Dear fellows,
After almost two years of controlled experiments, I am happy to report that the antifouling samples are finally ready for comparison, and I will be publishing full photographs and results here shortly.
Across this project, I created 192 experimental samples using the following coatings:
Juton Altex 5
Altex 5 Plus
Seahawks
International Micron 2
Vivid Petite
Two custom mixes based on Teflon and Titanium Oxide
Despite the large number of initial variants, only 4 samples survived to the finals.
The Winning Formula
The standout and likely best performer was:
Vivid Petite + 20% copper powder + 10% zinc pyrithione (ZnPT)
2 kg copper powder per 10 litres 1 litre of professional anti-mould additive
($135/L in paint shops versus $30 for 75 mL at Bunnings)
Three Budget Alternatives
Based on Altex 5 Plus, modified with:
20% anti-mould additive 10% zinc pyrithione (ZnPT) Copper sulphate at 5%, 10%, and 20% dissolved same day in purified water
Results
Zero slime on all four after 12 months By 17 Feb 2026, they will reach 24 months submerged Single coats only Static immersion, not moved Each has a control sample for comparison
After 18 months, these samples had not a gram of slime, while freshly antifouled boats in the bay looked terrible after a single year.
Environmental Reality Nothing Harmful Here
Copper
Naturally abundant in seawater. Every marine organism evolved with it. Nothing unnatural was added.
Zinc (ZnPT)
In every sunscreen. People swim, jump in the water tonnes of zinc enter oceans every summer. Far smaller impact here.
Anti-mould additive
Biodegrades just like antibiotics do through wastewater. Microbes break them down. The ocean breaks them down. Same pathways, same story.
So all three:
Copper, Zinc and Anti-mould additives
.are far less intrusive than what's already entering the oceans every single day from normal human coastal life.
Why I chose these blends
I could push the chemistry further, but that would step over my line of environmental responsibility.
This mix is safe, balanced, and still triples the effectiveness of mainstream paints.
Paint Purchasing Tip (Massive Savings)
If you want to save real money and I mean real money buy your paints directly from Altex in Smithfield (Sydney area).
10 litres will cost under $500 while Whitworths will charge around $800 for exactly the same volume
That's $300 saved straight away.
Same story with Vivid Petite huge savings. If you have to get in the car and drive there do it. You will thank yourself. Petite is better paint but price is as well.
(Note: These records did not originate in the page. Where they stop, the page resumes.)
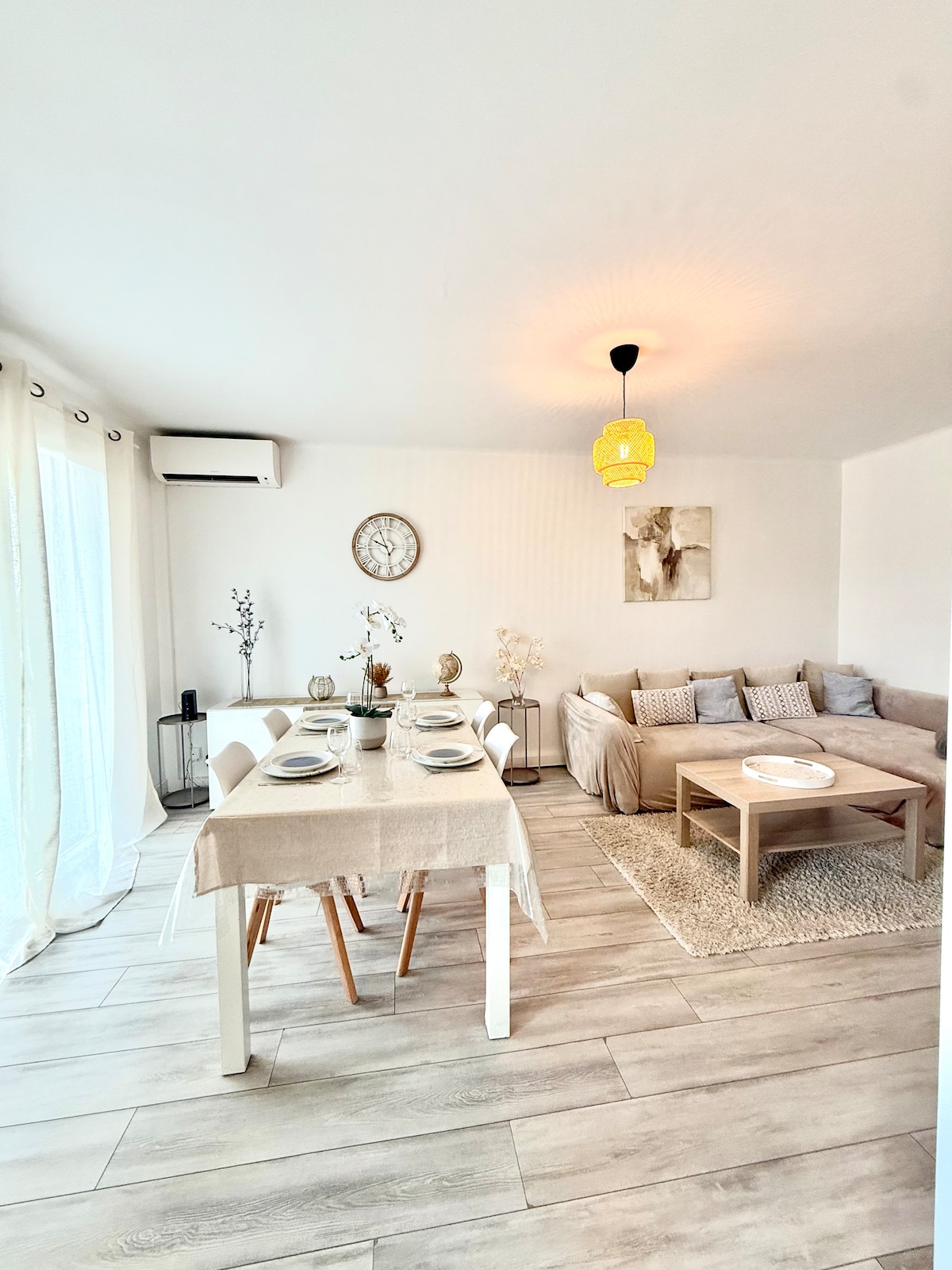 Bonito apartamento reformado y con aire acondicionado, en el segundo piso (sin ascensor) de una residencia arbolada con piscina. Convenientemente situado en Sanary-sur-Mer, entre la estación de tren (a 12 minutos a pie) y el puerto (a 15/20 minutos a pie). Residencia segura. Una plaza de aparcamiento está disponible de forma gratuita. Podrá venir a alojarse en pareja, en familia, con amigos o en sus viajes de negocios. El acceso a la autopista se encuentra a solo 2 minutos en coche.
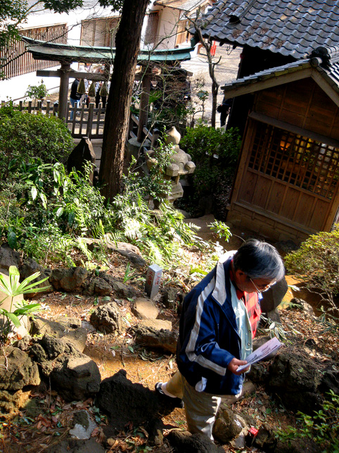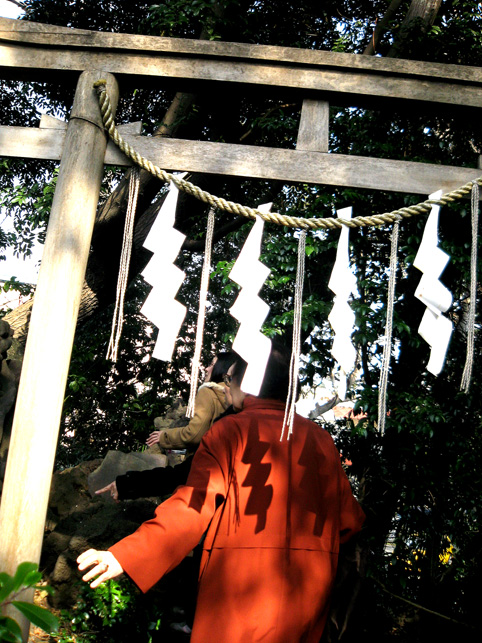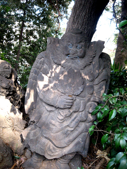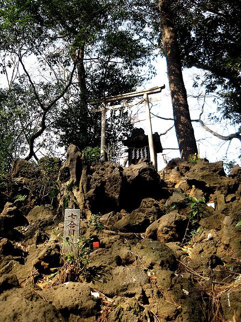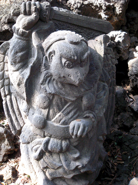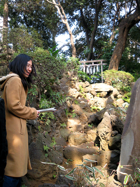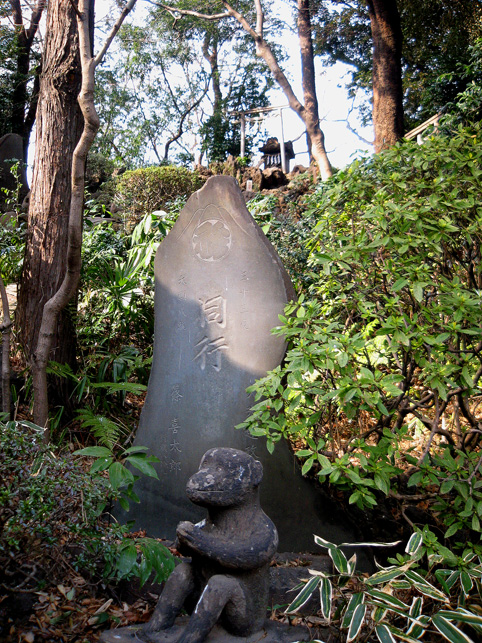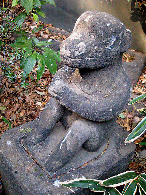 ではさっそく、15人ずつ2班に分かれて登拝へ参りましょう。案内人は学芸員のKさん。 門を開けるとすぐ……変わらぬ姿の猿の像!(私のお気に入りです。笑) こんな位置関係。後ろに「同行=どうぎょう」の大きい石碑、その奥に頂上が見えます。結構距離があるんですが。 おっと、登山の前に、禊ぎのためのこんなスポットをチェックしときます。 大山不動尊座像が滝の上にあります。前回(去年正月)には滝は枯れていましたが、やはり水があるのはいいものです。この不動様は大山講のためのもの(だったと思います)で、この富士塚の裏手から移築したものです。では、登山道に戻ってふたたび。 合目石を確認しながら一歩ずつ。ちょっと進んだ右側には…… 太郎坊。奥の鳥居は5合目の小御嶽神社。 それをくぐると…… カラス天狗と(鼻のない)大天狗。 木漏れ日が美しい。 一旦引き返し、左側登山道からまわると「経ケ嶽=きょうがだけ」と身禄の碑。 中腹から頂上を仰ぐの図。気持ちいいなあ〜。 後ろの班はこれから神社の外に出て、周辺の探索へと出発だそうです。
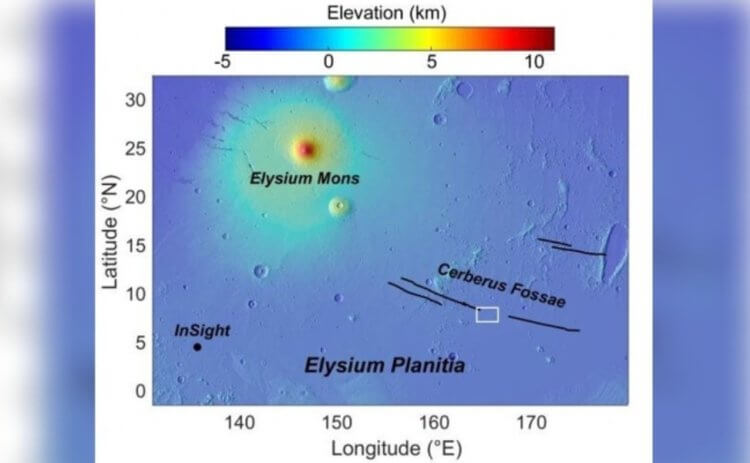 Большинство следов вулканической активности были обнаружены на равнине Элизий. Помимо одноименного вулкана, на этой территории миллионы лет назад извергались купол Гекаты и купол Альбор. Несмотря на долгие годы исследований, регион до сих пор полон загадок и время от времени сильно удивляет исследователей. Во время изучения снимков с орбитальных аппаратов (над Марсом летают несколько), ученые нашли темную область вокруг одной из трещин разлома Cerberus Fossae. По словам исследователей, территория богата пироксеном — веществом преимущественно вулканического происхождения. Примерно такие же образования можно найти возле вулканов Луны и Меркурия, так что сомнений в том, что в какой-то момент времени там произошло извержение, практически нет.
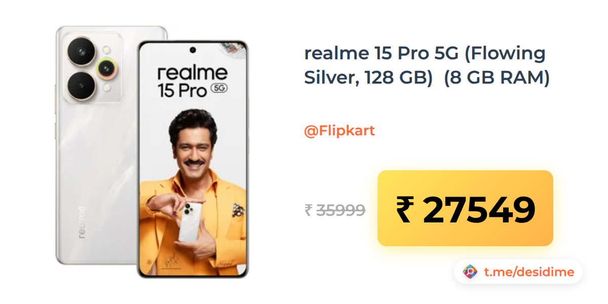 23% off on - realme 15 Pro 5G (Flowing Silver, 128 GB)  (8 GB RAM) - Rs. 27549
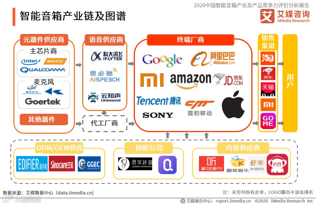 苹果、亚马逊阿里巴巴、百度、小米、谷歌、BeSound、音磅、华美兴泰、旷世音箱、乐韵瑞、crazybaby、猫王收音机、国声国学、佳禾智能、小米小爱、索尼、华为、叮咚音箱、腾讯叮当等
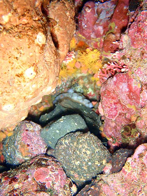 不自然に石が集められてるな~と思って穴の奥を覗いてみると・・・ タコの吸盤が・・・ 卵でも持ってるんですかね~。
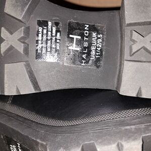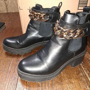 Size 11 H Halston Black Manila Gold Chain Lug Sole Bootie Chunky Boots
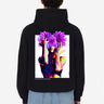 The piece is embellished with a premium silicone Nashid Chroma logo on the front, and an oversized "borderless" print of PXRPLE RAIN on the back. The size makes for an impressive statement piece in contrast to the crisp black cotton.
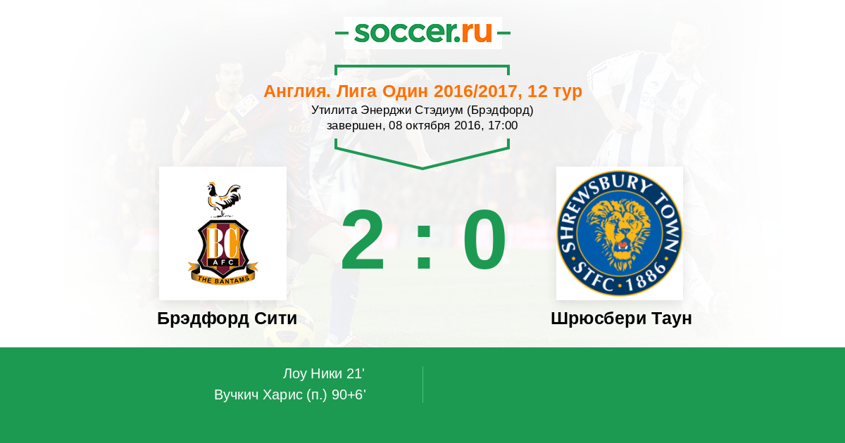 | Брэдфорд Сити | Шрюсбери Таун | |
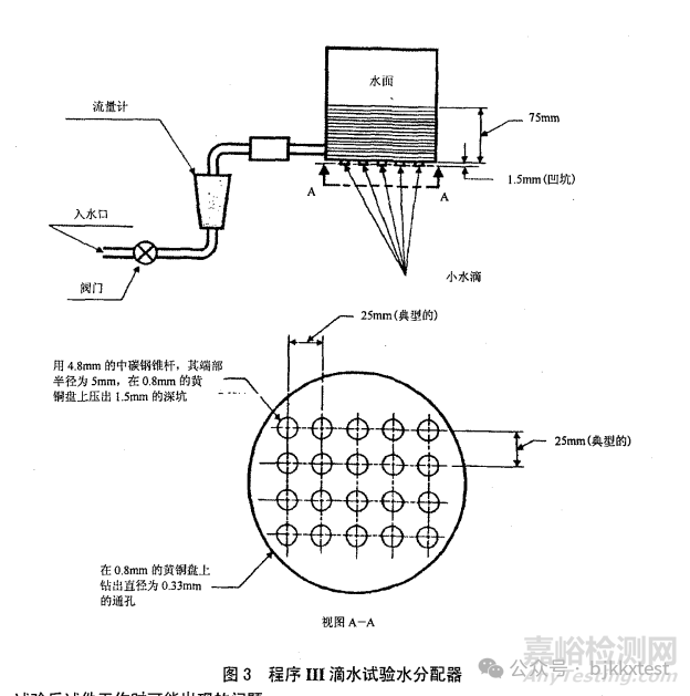 程序3適用于通常能防雨,但可能暴露于由于冷凝或上表面泄漏而產(chǎn)生滴水的裝備。滴水試驗(yàn)有兩個(gè)變量:

And I want to make this absolutely clear:
I do not have any financial gain from saying this. I am doing this purely to help fellow sailors save money, avoid waste, and enjoy better performing antifouling without being ripped off by divers and marine shops.
We look after each other that's the whole point of this post. Not promotion. Not advertising. Just genuine help from one sailor to another.
Next Sunday
I will:
Retrieve the samples Photograph them properly Photograph their control references Publish everything here
It's going to be one of the more eye-opening antifouling comparisons this forum has seen.
Vivid petite plus 10% copper and 10% antimould paint additive ( left) vs vivid petite no copper and 5% antimould paint additive in the middle and 10% antimould paint additive far right.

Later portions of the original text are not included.